Sanchez v. Olig et al
Filing
17
ORDER signed by Judge Pamela Pepper on 1/15/2016 DENYING 8 Motion for Temporary Restraining Order and Motion for Preliminary Injunction; DENYING AS MOOT 10 Plaintiff's First Motion for Leave to File Amended Complaint; GRANTING 15 Plaintif f's Second Motion for Leave to File Amended Complaint and ORDERING that the clerk's office docket the second amended complaint filed 9/14/2015 as the operative complaint in this case; DENYING 13 Plaintiff's Request to File Evidence i n Support of Motion for TRO; and SCREENING Plaintiff's Second Amended Complaint. The court DISMISSES defendants Anthony Meli, Donald Strahota and William Pollard. Please refer to the Order for additional details. (cc: all counsel; by US Mail to Plaintiff and Warden at Waupun CI) (pwm)

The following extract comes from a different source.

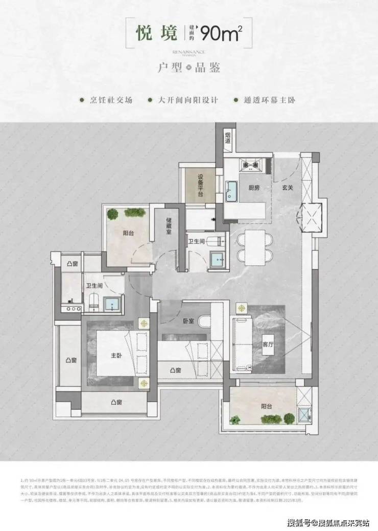 • 得房率:通过创新性的飘窗、双阳台改造、设备平台赠送等设计,实现平均94-96%的惊人得房率。

UNITED STATES DISTRICT COURT
EASTERN DISTRICT OF WISCONSIN
______________________________________________________________________________
SALVADOR SANCHEZ,
Plaintiff,
v.
Case No. 15-cv-935-PP
CO OLIG,
PAUL LUDVIGSON,
ANTHONY MELI,
DONALD STRAHOTA,
WILLIAM POLLARD,
and CAPTAIN WESTRA,
Defendants.
______________________________________________________________________________
ORDER DENYING MOTION FOR TEMPORARY RESTRAINING ORDER (DKT.
NO. 8), DENYING PLAINTIFF’S REQUEST TO FILE EVIDENCE IN SUPPORT
OF MOTION FOR TEMPORARY RESTRAINING ORDER (DKT. NO. 13),
DENYING PLAINTIFF’S FIRST MOTION FOR LEAVE TO FILE AMENDED
COMPLAINT AS MOOT (DKT. NO. 10), GRANTING PLAINTIFF’S SECOND
MOTION FOR LEAVE TO FILE AMENDED COMPLAINT (DKT. NO. 15), AND
SCREENING SECOND AMENDED COMPLAINT (DKT. NO. 1)

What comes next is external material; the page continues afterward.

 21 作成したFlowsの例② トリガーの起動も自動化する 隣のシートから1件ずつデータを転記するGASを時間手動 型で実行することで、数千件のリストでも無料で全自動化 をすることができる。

______________________________________________________________________________
The pro se plaintiff, Salvador Sanchez, is a Wisconsin state prisoner. He
has filed an amended complaint1 (Dkt. No. 15-2) under 42 U.S.C. §1983,
alleging that the defendants violated his civil rights. On August 13, 2015, the
court received from the plaintiff the full filing fee.
1
The plaintiff filed an original complaint (Dkt. No. 1), a first motion to amend
the complaint along with a proposed amended complaint (Dkt. No. 10), and a
second motion to amend the complaint along with a proposed amended
complaint (Dkt No. 15). As discussed in the body of this order, the court will
deny as moot the first motion to amend, grant the second motion to amend,
and screen the second amended complaint (Dkt. No. 15-2).
1
Motion for Temporary Restraining Order and Preliminary Injunction (Dkt.

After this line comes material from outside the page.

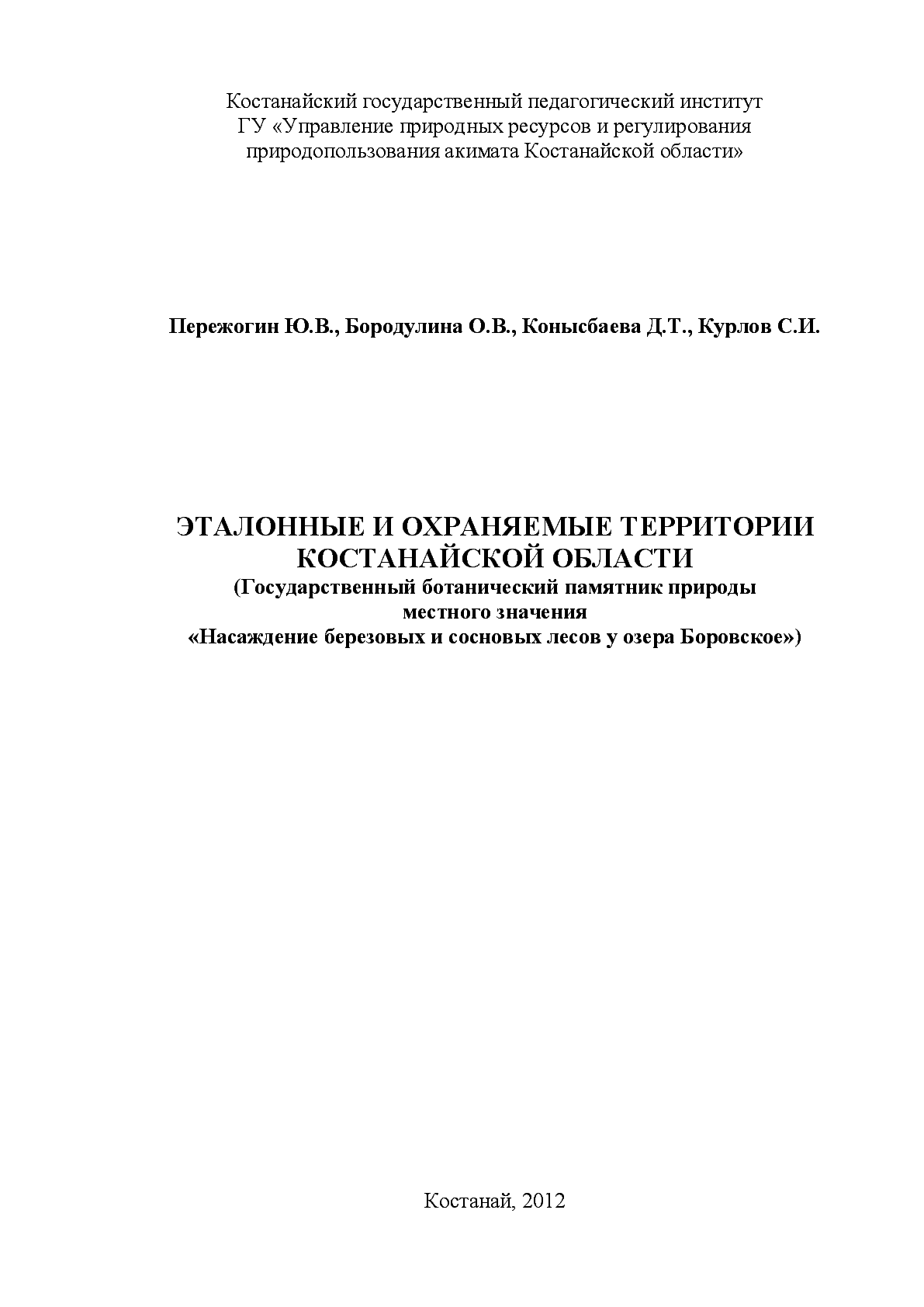 Эталонные и охраняемые территории Костанайской области (Государственный ботанический памятник природы местного значения "Насаждение березовых и сосновых лесов у озера Боровское") [Text] : (Государственный ботанический памятник природы местного значения "Насаждение березовых и сосновых лесов у озера Боровское") / Пережогин Ю. В., Бородулина О. В., Конысбаева Д. Т., Курлов С. И. ; [отв. ред. М. М. Сёмышев]... – Костанай : [б. и.], 2012. - 210 с., ил.; . – Библиогр.: с. 199-203 . – 100 экз. – 978-601-7109-66-0 : [б. ц.]

No. 8), and Request to File Evidence in Support of the Motion (Dkt. No.
13)
Shortly after he filed his original complaint, the plaintiff filed a motion for
temporary restraining order and preliminary injunction. Dkt. No. 8. He seeks
transfer to another institution. The plaintiff contends that he is in danger of
harassment and retaliation if he remains at Waupun Correctional Institution
based on this lawsuit. Id. at 7. The plaintiff also states that he attended high
school with one of the officers at Waupun Correctional Institution (not a
defendant), that he had a relationship with the officer’s sister than ended
badly, and that the officer is aware of this. Id. at 4.
To obtain preliminary injunctive relief, whether through a TRO or
preliminary injunction, the plaintiff must show that (1) his underlying case has
some likelihood of success on the merits, (2) no adequate remedy at law exists,
and (3) he will suffer irreparable harm without the injunction. Wood v. Buss,
496 F.3d 620, 622 (7th Cir. 2007). If the plaintiff shows those three factors, the
court then must balance the harm to each party and to the public interest from
granting or denying the injunction. Id.; Korte v. Sebelius, 735 F.3d 654, 665
(7th Cir. 2013); Cooper v. Salazar, 196 F.3d 809, 813 (7th Cir. 1999).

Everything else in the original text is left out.